For example, pocket knives can be relatively narrow yet quite thick at their back
(the thickest part of the blade); the angle of the facets of small pocket knives commonly
can be 12°, some hunting knives are larger than 12°, while cooks knife can be as low
as 3°. Other popular knives fall in the middle of that range. Knives differ also in
the thickness of the blade immediately behind (adjacent to) the facets that create
the edge. Fine cutlery may be only a few thousandths of an inch thick at that point
while butcher blades or cleavers are commonly much thicker to provide extra strength.
[0025] It has been found that wheels suitably contoured provide a unique and reproducible
means for angular control for virtually all of the commonly available blades. Because
some blade are very narrow it is desirable to provide a guide very close to the vertex
of the V notch. Blades of small pocket knives may be only 0.2 inch wide; therefore
it is desirable to provide support at least that close to the vertex. A chefs blade
can have a width of 2 inches or more and it is generally thinner than a pocket knife
immediately behind the facets. A very thin disk-like wheel located 0.2 inch above
the vertex of the V can be designed so that a thick bladed pocket knife held against
its diameter would align its axis perfectly vertical (that is bisecting the V angle).
However, if a thin chefs blade is then placed against the diameter of such a thin
disk so located, the axis of the chefs blade would be substantially off vertical.
While as explained earlier, it is not essential that the blade axis be absolutely
vertical during sharpening, it is desirable to be as vertical as possible in order
to minimize the time it takes to sharpen. Further an edge with equal-angled facets
cuts straighter.
[0026] It has been found that by using a cone shaped wheel as shown in Figure 10, it is
possible to optimize the alignment of the axis of a variety of blades with the axis
of the V slot. While desirable to align the blade near vertical the bisection of the
total included angle formed by the V slot, it is critical that the angular alignment
of the blade axis be extremely reproducible for the same knife - stroke after stroke.
A truncated cone shaped wheel accomplishes this well. Figure 10 shows how the narrow
blade in the left slot contacts such a cone near its base while the wider (longer
in cross section) blade in the right slot contacts the cone at its top edge. It is
clear from this Figure 10 that the axis of the wider blade would be further to the
left and less vertical if that blade depended upon the base of the cone for its support.
[0027] It has been demonstrated that one good geometry is a cone about 0.5 inches in height
with a diameter at its base appropriately selected to vertically align narrow blades
and where the facet of the cone is at an angle of about 2 degrees to its axis. If
the V slots in a two stage sharpener are separated center line to center line by for
example 0.7 inches, and the base of the cone is 0.2 inches above the vertex of the
V slots, a good diameter for the base of the cone is on the order of 0.655 inches.
This is mathematically the difference of the centerline to centerline distance, (.700")

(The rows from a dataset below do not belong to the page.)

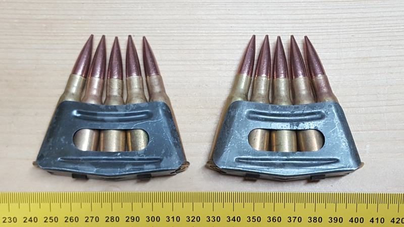Sammlermunition: 10 Dekopatronen 8mm Lebel auf 5er Ladestreifen. 2.WK.
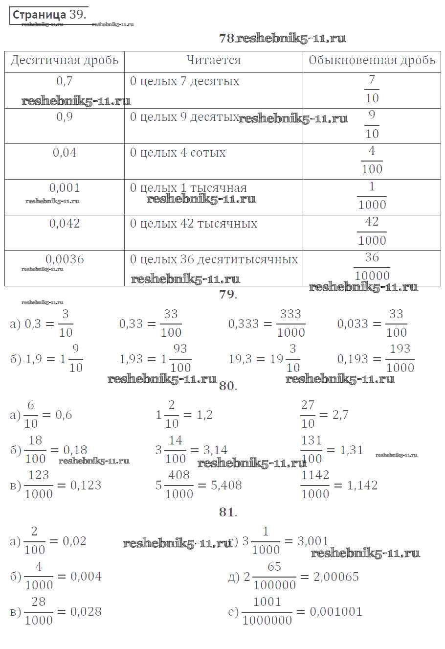 Готовая домашняя работа с ответами по Математике за 6 класс Бунимович, Кузнецова, Минаева Тетрадь-тренажер Сферы Просвещение 2013 ФГОС - Страницы 39
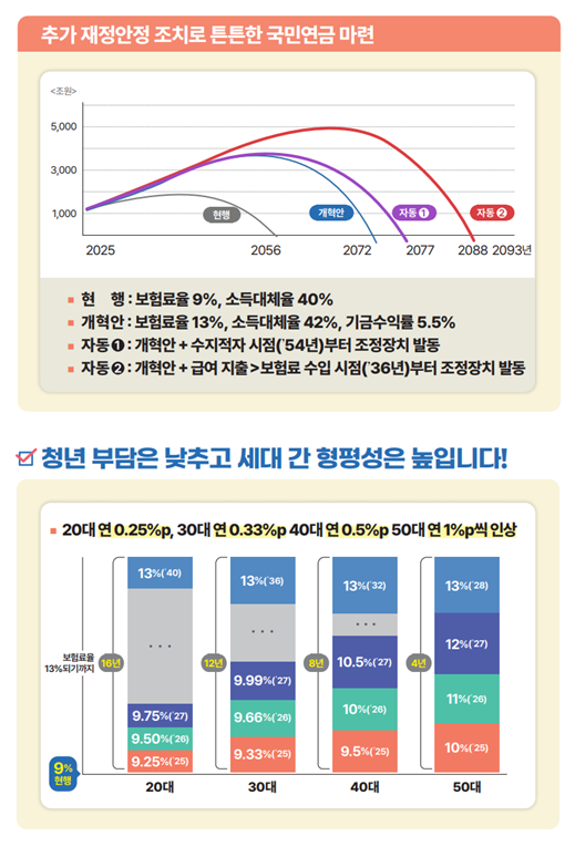 ■ 자동조정장치는 세대 간 형평성을 높일 수 있습니다. 한 세대만 과도한 부담을 지거나 한 세대만 혜택을 보는 구조를 막기 위함이기 때문에 모든 세대가 공평하게 나눌 수 있는 방향으로 제도가 운영됩니다.
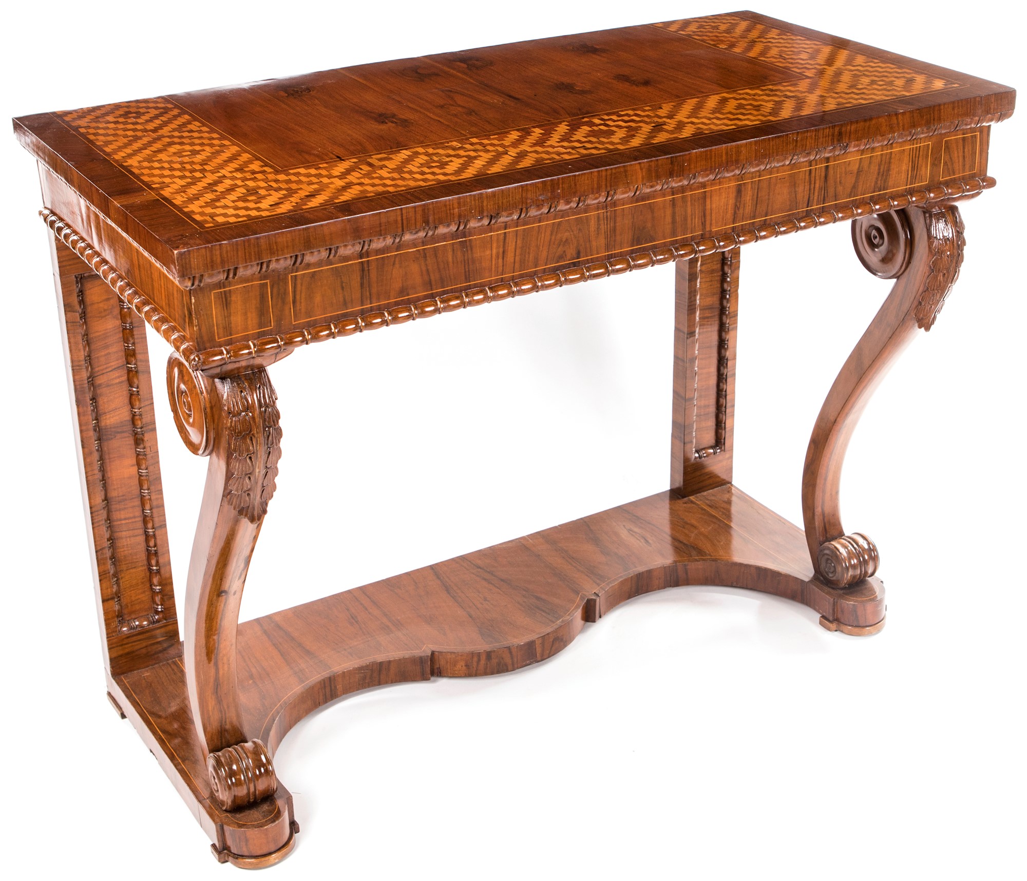 Console in noce d'epoca Carlo X con filettature ed intarsi in legni di frutto, 1830 ca., cm 93,5x122x63, piano rettangolare con ampia bordura intarsiata a tasselli geometrici disposti a simulare un motivo ad intreccio, con profilo sottostante percorso da ovoli; fascia lineare sottolineata da cordolo, montanti anteriori sagomati con estremità superiore a ricciolo, posteriori a lesena poggianti su base sagomata
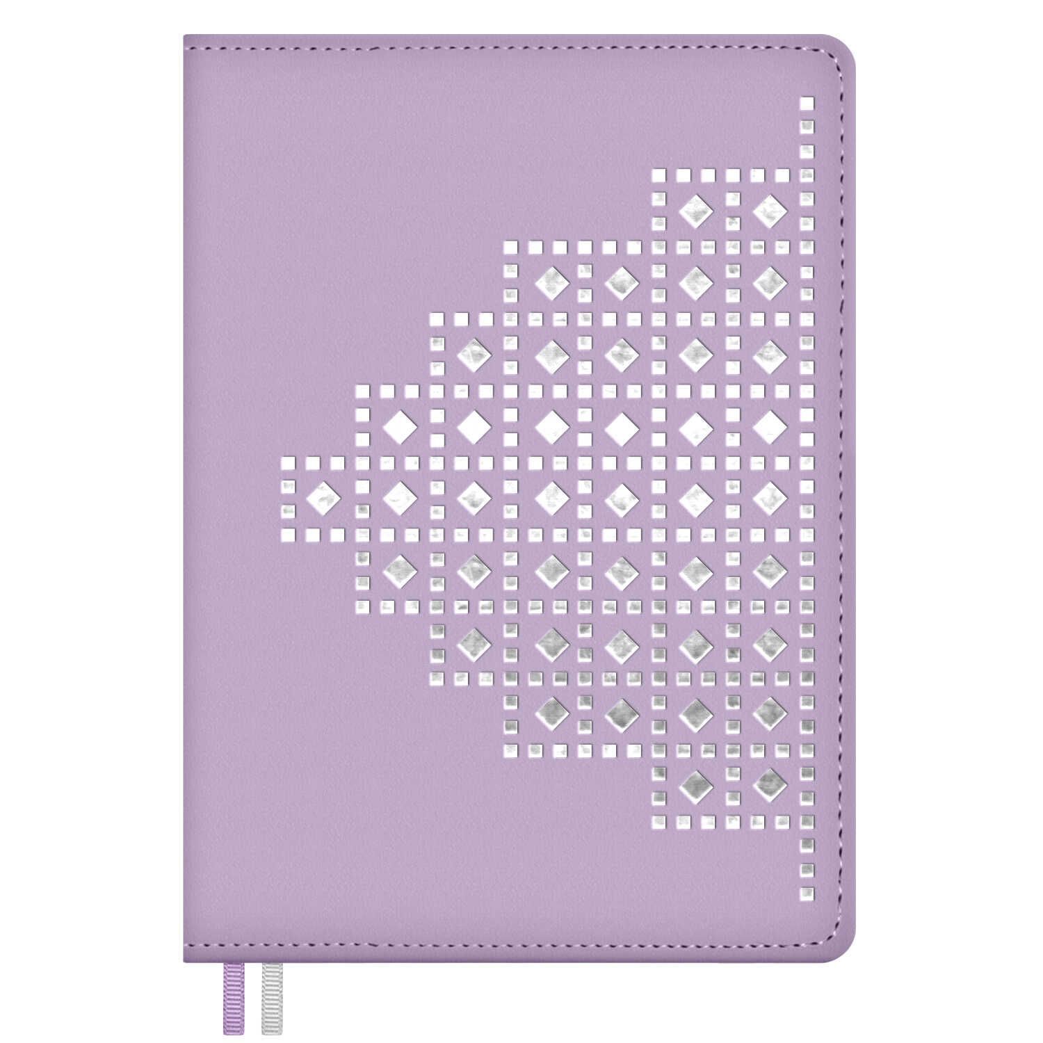 Ежедневник недатированный ESCALADA, А6+, 120 л., арт. 67268/ 20 ПЛОНЖЕ СИРЕНЕВЫЙ (кожзам: 126x174 мм, твёрдый переплёт с поролоном, материал обложки: искусственная кожа "Плонже"; способ крепления блока: ниткошвейный; декор: перфорация + голографическая подложка; вн. блок: 120 л., тонированный офсет 70 г/м², печать в одну краску (линия), справочный материал: есть; перфорация углов блока: нет; отделка среза: окрашивание пантоном; закладка/-и: два ляссе, каптал: есть; форзац: печать пантоном, персонализация возможна: нет; индивидуальная упаковка: ПЭТ-пакет)

less the thickness + (0.45") of an average narrow pocket knife. Two degrees is a convenient
slope for the cone as that angle approximates the median slope of the faces of a wide
variety of popular knives. For a specialized class of knives such as hunting blades,
the slope could be larger or the diameter altered to provide an even more accurate
alignment of the blade axis. For some knife combinations a slightly concave surface
could be superimposed on the conical geometry for a better compromise. The advantage
of such wheels for control of the blade axis. For some knife combinations a slightly
concave surface could be superimposed on the conical geometry for a better compromise.
The advantage of such wheels for control of the blade angle during sharpening are
dramatic. Without such angular control obtaining a truly good, sharp edge is a matter
of chance and luck. With such guides, V slot sharpeners in particular quickly produce
razor sharp edges. The wheels offer a major advantage over static guides in that the
former will not scratch the faces of the blade as it rolls over the wheel circumference.

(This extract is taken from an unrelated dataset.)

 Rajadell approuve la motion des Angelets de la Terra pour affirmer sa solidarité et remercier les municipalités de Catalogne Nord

Static guides, even made of plastic, will surprisingly in use burnish the faces of
the blades because of the sliding friction and abrasion - albeit slight - especially
where the burnishing on the blade is perpendicular to the direction of the final grind
and polish lines on the faces of the blade. Preferably the wheels or cones described
herein are made of plastic so as to minimize the opportunity for scratching the blade
under all conditions.
[0028] Static guides can be used to provide a similar angular control but for them to be
as effective as the cone wheels they must have a sloped facet with the same contour
and height as the cone face. A further enhancement of this invention includes a means
to adjust and optimize for each blade the separation of the wheel or cone axis from
the center line of the V notch. Simple mechanical means can be incorporated to permit
this adjustment to be made manually for each blade being sharpened in each V notch.

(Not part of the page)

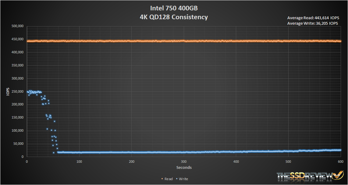In order to attain the max IOPS we set 4KB random read and write workloads at a QD of 128 and tested for a 10 minute span. We can see that read IOPS averaged 443K while write averaged 36K. After about 30 seconds performance dropped off from 250K down to 20-25K IOPS, which is extremely good for a consumer SSD. For comparison most other SSDs will drop to around 10K.
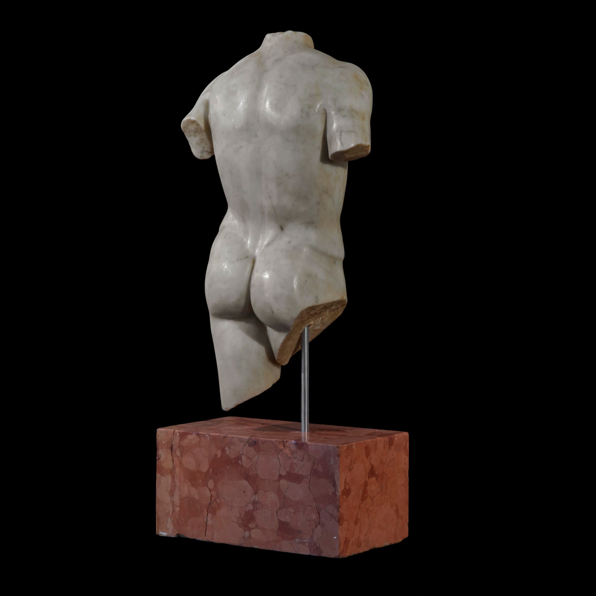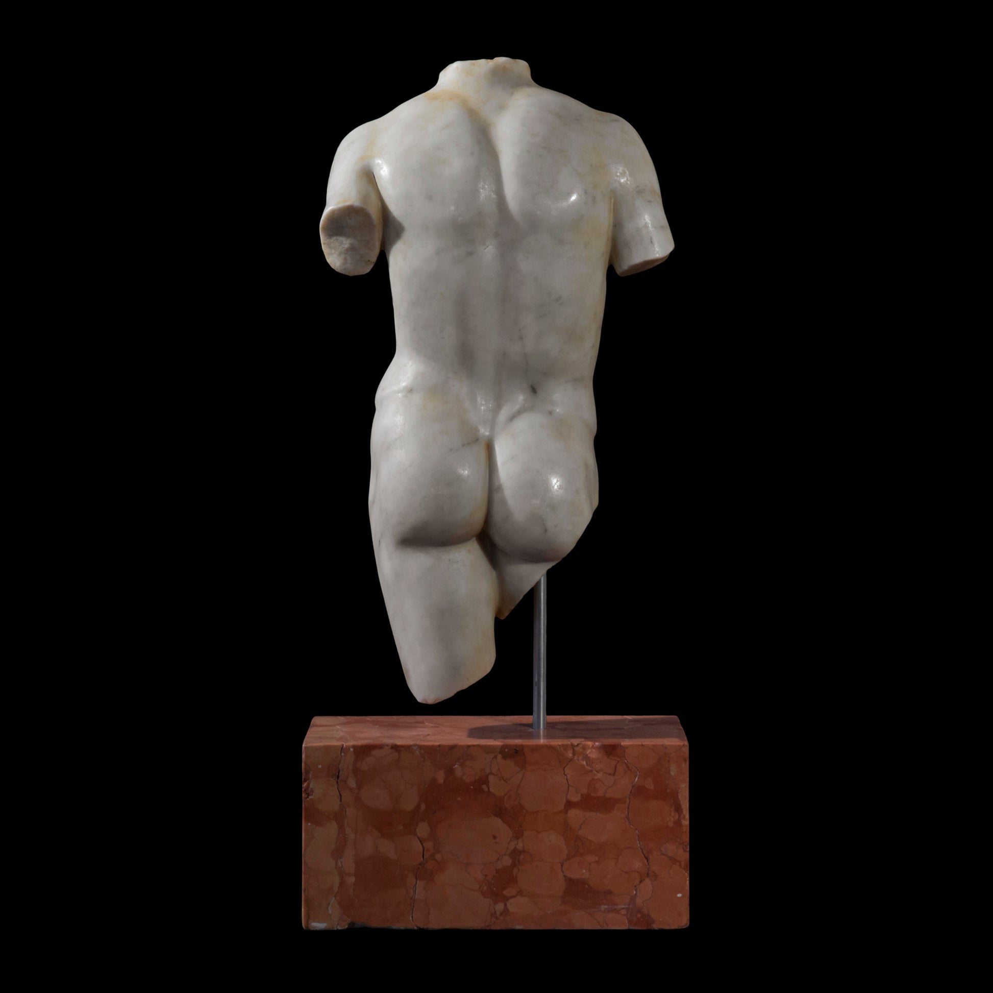 A delightfully detailed nude figure of a youthful athlete, finely sculpted Carrara marble in the ancient Greek or Roman style, mounted on a Rosso Verona base.

[0029] To reduce the number of stages and yet obtain a Gothic arch type contour on the blade
such as shown in Figure 19, it is possible as mentioned earlier to steadily or intermittently
vary the included angle of the V notch curing the sharpening process, using an increasingly
larger angle as the sharpening progresses. This can be accomplished with a simple
eccentric cam such as shown in Figure 14. By rotating the cam the distance between
the abrasive coated members can be changed thereby altering the included angle between
the abrasive surfaces. The multistage approach described here earlier has the advantage
over the variable angle single stage that it allows one to change or reduce the grit
size while using a larger angle in finishing the final edge.
[0030] Another simpler means of generating a Gothic arch geometry at the edge is to use
abrasive coated concave members as in Figure 13 instead of planar members of Figures
10 and 12. The abrasive coating, preferably diamonds, can be deposited with a coarse
grit distant from the edge where more metal must be removed and with a finer grit
at the edge where there is need for more precise abrasion and usually where there
is less metal to be removed during sharpening.
[0031] Unique and improved sharpening members have been developed by this inventor for V
shaped notch sharpeners that are made as abrasive coated one-piece single comb-shaped
rigid metal strips with notches and teeth. An example is shown in Figure 8 with teeth
and notches designed to interdigitate as seen in Figure 9. In this configuration rigid
metal strips are coated with diamond abrasives secured with electrodeposited metal.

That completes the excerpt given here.